Required work >> Your output should be the lines from the one containing "Double sens Cyclable À droite" through the end of the listing, exact and inclusive, with no pictures.

Data excerpts >>

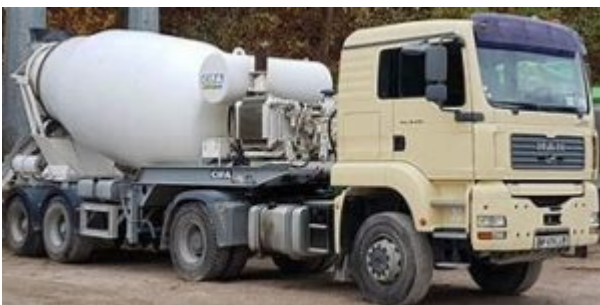
(toupie de béton)

Le doute n'est plus possible, les projets de bétonisation , vont bien connaître une accentuation dans Chartres et les alentours.
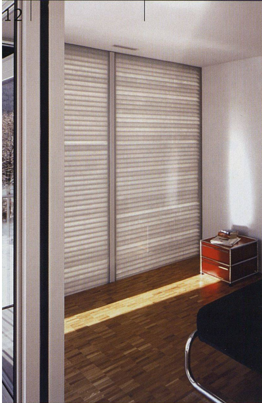
Detailansicht des GlassXcrystal-Elements. Neben seinen energetischen Funktionen sorgt es im Schlafzimmerbereich für Privatsphäre (siehe auch Titelbild).

le wurde nur eine Farbe verwendet, ein grünlich schimmerndes, zurückhaltendes Zementgrau.
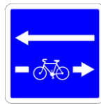
Double sens Cyclable À droite
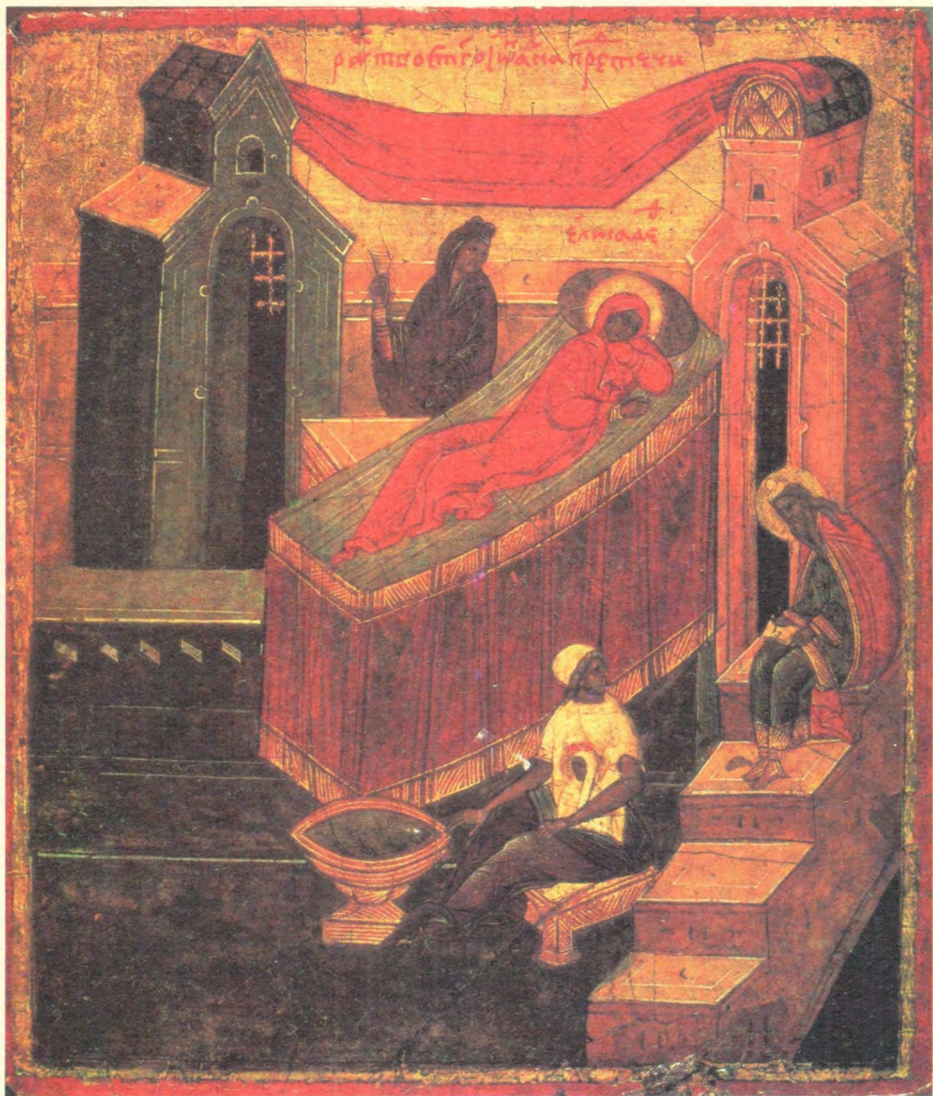
РОЖДЕСТВО ЧЕСТНОГО СЛАВНОГО ПРОРОКА, ПРЕДТЕЧИ И КРЕСТИТЕЛЯ ГОСПОДНЯ ИОАННА Икона конца XVI века

Task output >>
Double sens Cyclable À droite
РОЖДЕСТВО ЧЕСТНОГО СЛАВНОГО ПРОРОКА, ПРЕДТЕЧИ И КРЕСТИТЕЛЯ ГОСПОДНЯ ИОАННА Икона конца XVI века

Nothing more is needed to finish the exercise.